(Collected data entries)
▼

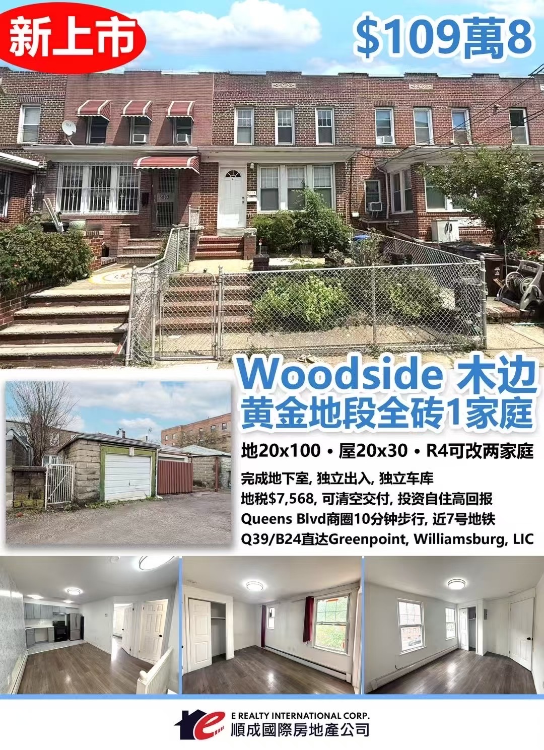 皇后区房子出售新上市顺成独家代理收租王连幢一家拎包入住适合大家庭一起住50-05 46st Woodside 木边全砖1家庭位于黄金地段,步行十分钟到Queens blvd商业区和七号地铁. 附近有Q39/B24巴士可抵达green point, south williamsburg, 和LIC。近495与278高速,地20x100,屋20x30,R4可改合法2家庭,完全地下室,独立分门出入,独立车库,地税$7568,可清空,适合投资自住,高回报,售$109万8,欢迎同行转发合作,E Realty International Corp电顺成经纪Shirley 楊雪莉 646-688-8998 Jenny He:7185527663
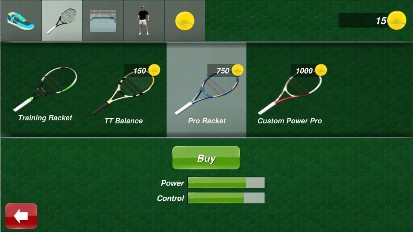 ショップ:ステータスを上げるスニーカーやラケットをボールで購入できます。ボールのみ課金アイテムになっています。
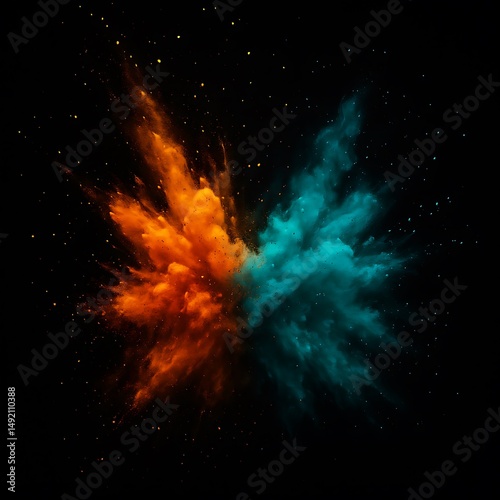 © khadiza474, Naklejka premium Orange and teal powder explosion on black background
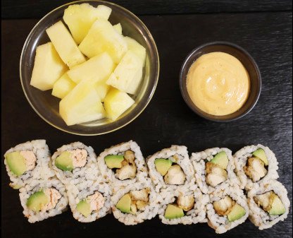 8 California Poulet Crispy Avocat – 4 California Saumon cuit Avocat – 1 coupe Ananas
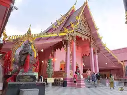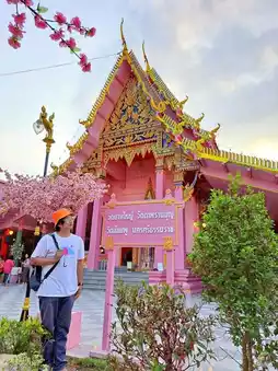 A pink temple 🛕 where locals and tourists come to worship and ask for blessings from #TaPhranBoon, a large pink statue ...
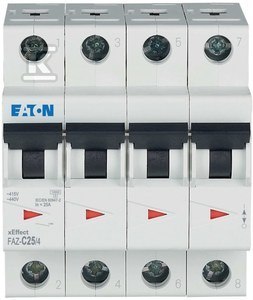 Wyłącznik nadprądowy serii 15kA 4-biegunowy FAZ-C25/4 o numerze katalogowym  279063 w kategorii Wyłączniki nadprądowe 15kA, Wyłączniki nadprądowe. Produkt wyprodukowany przez markę EATON, seria FAZ.
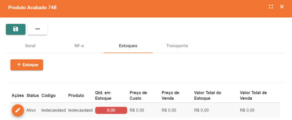 Nessa aba é possível visualizar, editar ou criar novos estoques para esse produto.

▲

> _WORK ORDER_: Every record above should be duplicated precisely, with the images removed.

> _YOUR RESPONSE_:
 皇后区房子出售新上市顺成独家代理收租王连幢一家拎包入住适合大家庭一起住50-05 46st Woodside 木边全砖1家庭位于黄金地段,步行十分钟到Queens blvd商业区和七号地铁. 附近有Q39/B24巴士可抵达green point, south williamsburg, 和LIC。近495与278高速,地20x100,屋20x30,R4可改合法2家庭,完全地下室,独立分门出入,独立车库,地税$7568,可清空,适合投资自住,高回报,售$109万8,欢迎同行转发合作,E Realty International Corp电顺成经纪Shirley 楊雪莉 646-688-8998 Jenny He:7185527663
 ショップ:ステータスを上げるスニーカーやラケットをボールで購入できます。ボールのみ課金アイテムになっています。
 © khadiza474, Naklejka premium Orange and teal powder explosion on black background
 8 California Poulet Crispy Avocat – 4 California Saumon cuit Avocat – 1 coupe Ananas
 A pink temple 🛕 where locals and tourists come to worship and ask for blessings from #TaPhranBoon, a large pink statue ...
 Wyłącznik nadprądowy serii 15kA 4-biegunowy FAZ-C25/4 o numerze katalogowym  279063 w kategorii Wyłączniki nadprądowe 15kA, Wyłączniki nadprądowe. Produkt wyprodukowany przez markę EATON, seria FAZ.
 Nessa aba é possível visualizar, editar ou criar novos estoques para esse produto.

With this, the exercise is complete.